Entries supplied:

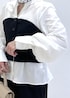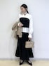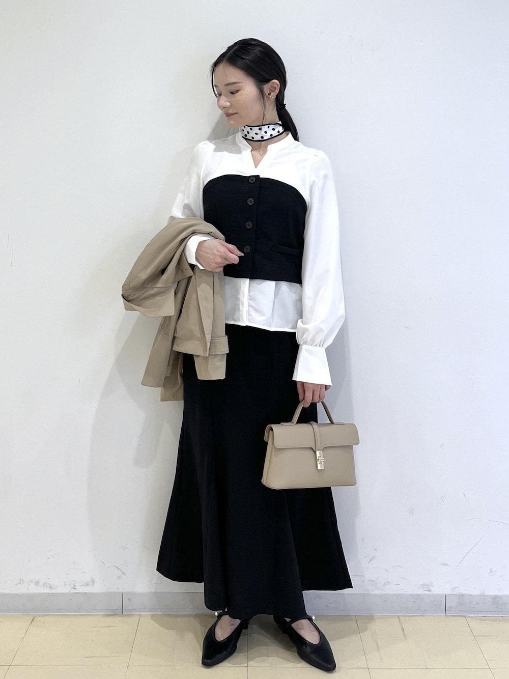 セットアップできちんと感を出しつつ、 首に巻いたスカーフで遊び心あるオフィスコーデにしてみました。 ドット柄が引き立つように、 敢えてベーシックカラーでまとめました♩
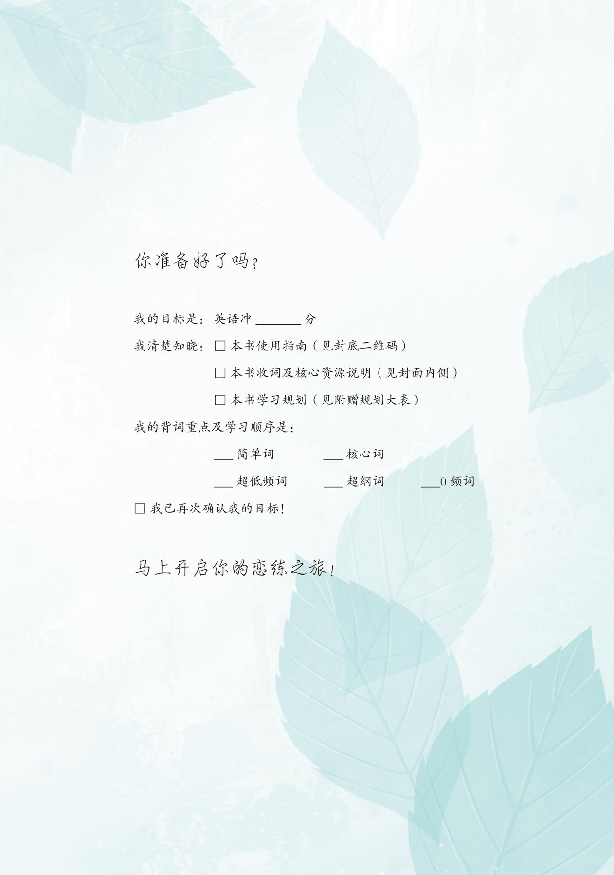 收词全且精准分层,更方便同学们快速锁定自己的背词重点, 备考不做无用功 !以下为全书背词建议,供参考。
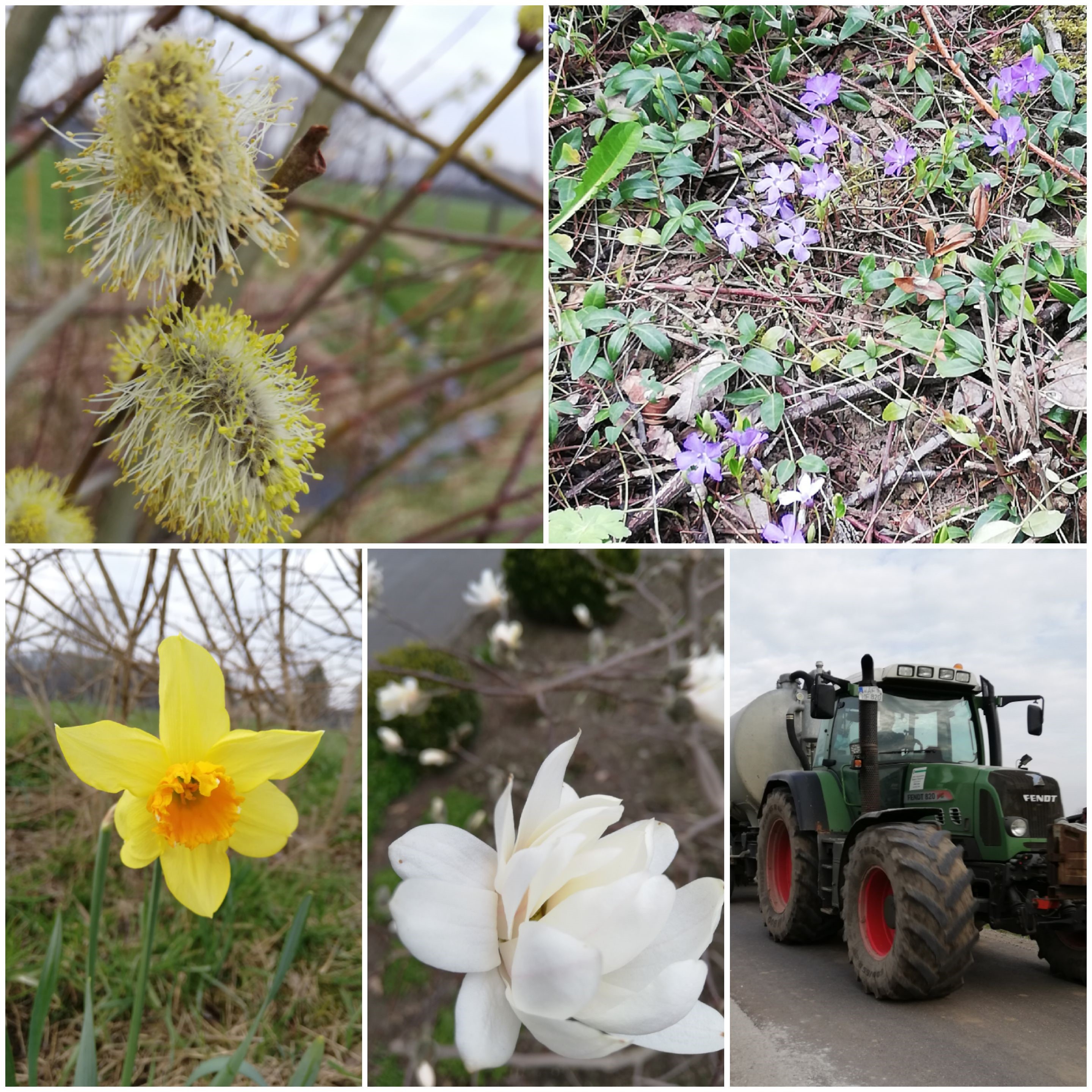 Frühling mit Traktor: Hallo liebe Sportler, auch wir haben die 4. Herausforderung angenommen und haben uns auf den Weg nach Langenberg gemacht. Dieses Mal sind wir nicht gelaufen, sondern mit dem Fahrrad gefahren. Auf der Langenberger Volkslaufstrecke haben wir dann ein paar Fotos gemacht. Frühlingsblüher sind natürlich auch dabei, aber auch Traktoren gehören in diesen Tagen zum Straßenbild des Frühlings.
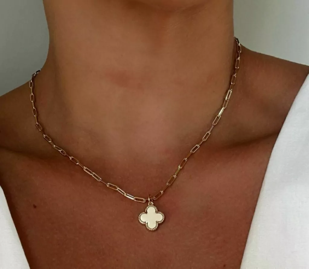 Colar Trevo Off Banhado em Ouro 18k é uma peça sofisticada que une elegância e modernidade. Com um design delicado em forma de trevo, o colar é banhado em ouro 18k, garantindo um brilho luxuoso e duradouro. A cor Off adiciona um toque de mistério e sofisticação, tornando este acessório ideal para ocasiões especiais ou para adicionar um toque de glamour ao seu look diário. A combinação do ouro com o preto cria um contraste marcante que realça o estilo e a personalidade de quem o usa. Tamanho 45 cm Peso 10g Código 20856
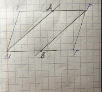 Биссектрисы углов M и P параллелограмма MKPT пересекают стороны KP и MT соответственно в точках A и B.
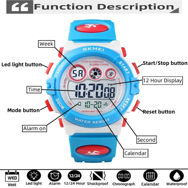 Features : chronograph, stopwatch,week, backlight, waterproof, alarm,EL,12/24 hour clock
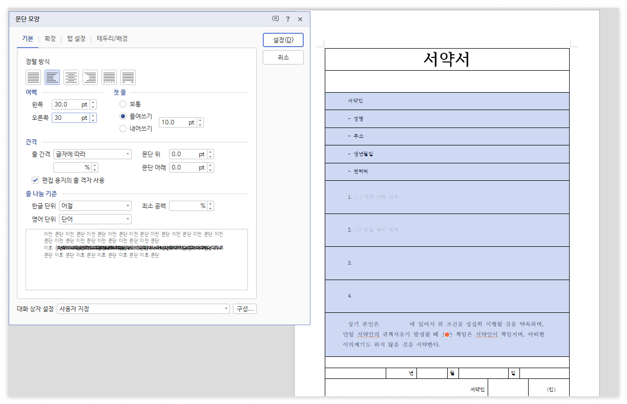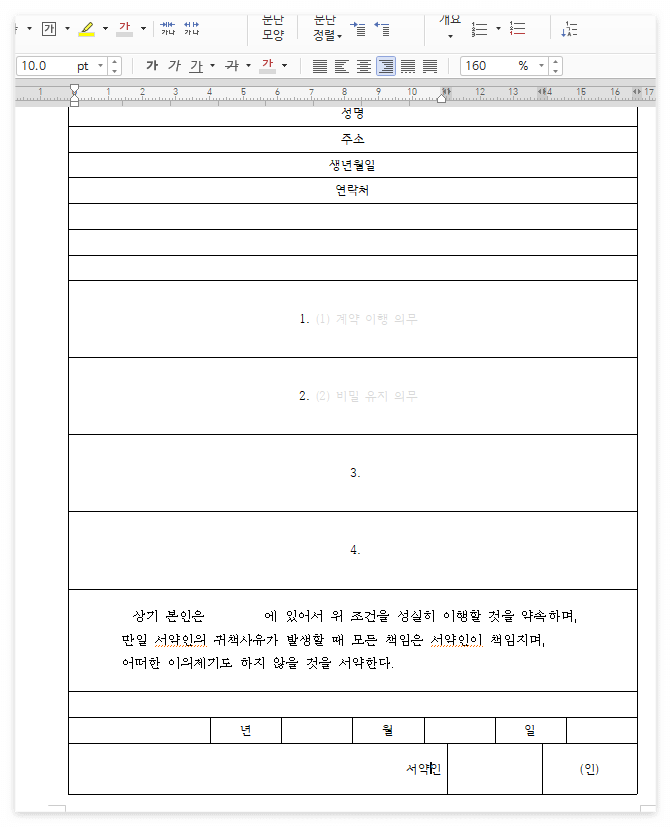 + 한글 문서로 서약서 같이 만들기
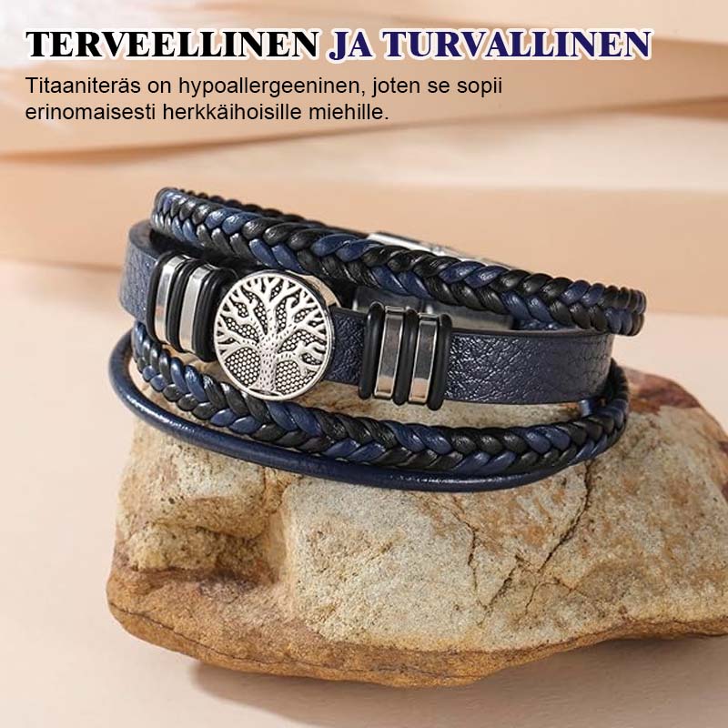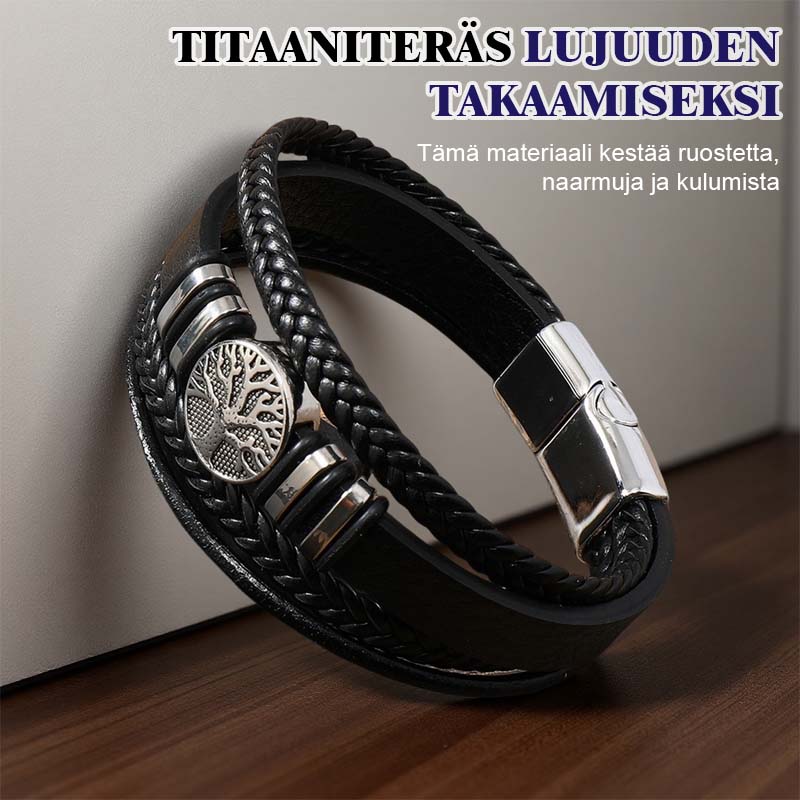 - Persoonallinen asuste: Yksinkertaisten rannekorujen maailmassa tÀmÀ rannekoru erottuu ainutlaatuisella ElÀmÀnpuun, titaaniterÀksen ja nahan yhdistelmÀllÀÀn. Se on tapa esitellÀ yksilöllistÀ tyyliÀsi menemÀttÀ kuitenkaan liioittelun puolelle.

To do: Transcribe exactly the lines above, running from the one that contains "Биссектрисы углов M" through the final line of the listing, and skip every picture.

Reply:
 Биссектрисы углов M и P параллелограмма MKPT пересекают стороны KP и MT соответственно в точках A и B.
 Features : chronograph, stopwatch,week, backlight, waterproof, alarm,EL,12/24 hour clock
 + 한글 문서로 서약서 같이 만들기
 - Persoonallinen asuste: Yksinkertaisten rannekorujen maailmassa tÀmÀ rannekoru erottuu ainutlaatuisella ElÀmÀnpuun, titaaniterÀksen ja nahan yhdistelmÀllÀÀn. Se on tapa esitellÀ yksilöllistÀ tyyliÀsi menemÀttÀ kuitenkaan liioittelun puolelle.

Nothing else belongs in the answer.